10. A system for generating advertising content based on a large model, characterized in that, The system for performing the large-model-based ad delivery content generation method as described in claim 1, the system comprising: The ad type recommendation module is used to acquire industry data of the city; use a large model to model the industry correlation of the city's industry data to generate an industry-ad type mapping matrix; and dynamically prioritize ad types in the industry-ad type mapping matrix to generate an ad type recommendation list for the city. The advertising venue recommendation module is used to obtain the geographic information data of the city; to mark the advertising screens in the geographic information data of the city, and to obtain the location information of the marked advertising screens; and to output the candidate venues in a hierarchical manner based on the location information of the marked advertising screens, and to obtain the priority list of advertising venues.

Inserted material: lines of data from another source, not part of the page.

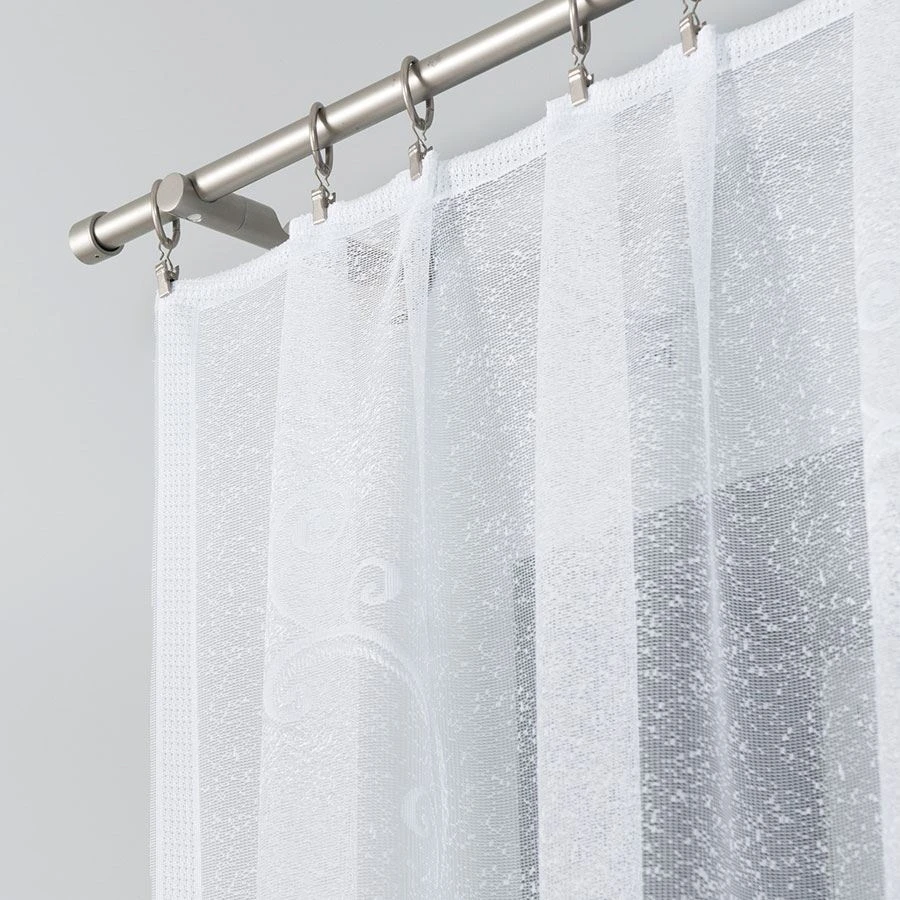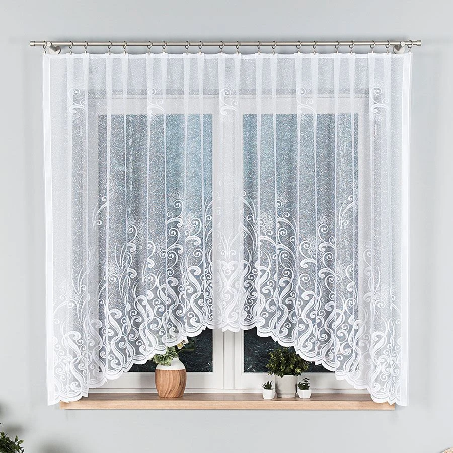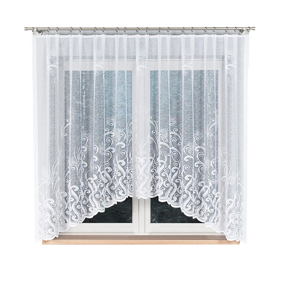 Firanka żakardowa WANDA w rozmiarze 300x160 cm to gotowa dekoracja, która łączy ponadczasową klasykę z delikatnym wzornictwem. Wykonana z białego żakardu wysokiej jakości, zachwyca eleganckim motywem roślinnym, który dodaje lekkości i subtelności. Charakterystyczne podcięcie na dole ułożone na skos tworzy miękką linię, dzięki której firanka prezentuje się niezwykle efektownie i dynamicznie.
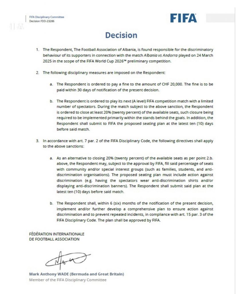 Federata Shqiptare e Futbollit (FSHF) është gjobitur nga FIFA pas sjelljes diskriminuese të tifozëve shqiptarë gjatë ndeshjes kualifikuese për Botërorin 2026 ndaj Andorrës, e zhvilluar më 24 mars 2025 në stadiumin “Arena Kombëtare”.
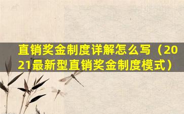 直销奖金制度是直销公司为了激励销售人员而设计的一套奖励机制。撰写直销奖金制度详解时,需要详细说明奖金的计算方式、发放条件、奖励级别等内容。以下是一个直销奖金制度详解的基本框架:
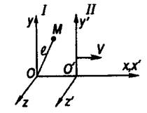 Такова связь между координатами (включая время) одного и того же события в двух инерциальных системах отсчета I и II (штрихованная система 1 движется относительной не штрихованной I со скоростью V в направлении оси х). Формулы (1.6) известны в науке как преобразования Лоренца. Вся физическая теория (механика, электродинамика и др.) подлежала после их открытия перестройке - такой, чтобы связи (1.6) были учтены. Это было осуществлено в специальной теории относительности (сначала в электродинамике Эйнштейном; позже - в механике). Из формул (1.6) в частности следует: одновременные, но происходящие в разных точках пространства, события в системе I не являются таковыми в системе II. Действительно, если

The ad content recommendation module is used to extract real-time audience features based on the geographic information data of the city, and generate an attention heatmap for the marked ad screen location information based on the real-time audience features to obtain a heatmap of the attention distribution of the screen area; inject physical constraints into the heatmap of the attention distribution of the screen area; and build a dynamic location optimizer based on the injected conditions to generate suggested coordinate data for ad elements. The ad generation module is used to combine ad content based on the ad type recommendation list, the venue priority list, and the ad element coordinate suggestions to generate ad image and text combination schemes; and to perform closed-loop effect evaluation and content weight adjustment of the ad image and text combination schemes to perform ad content generation optimization work.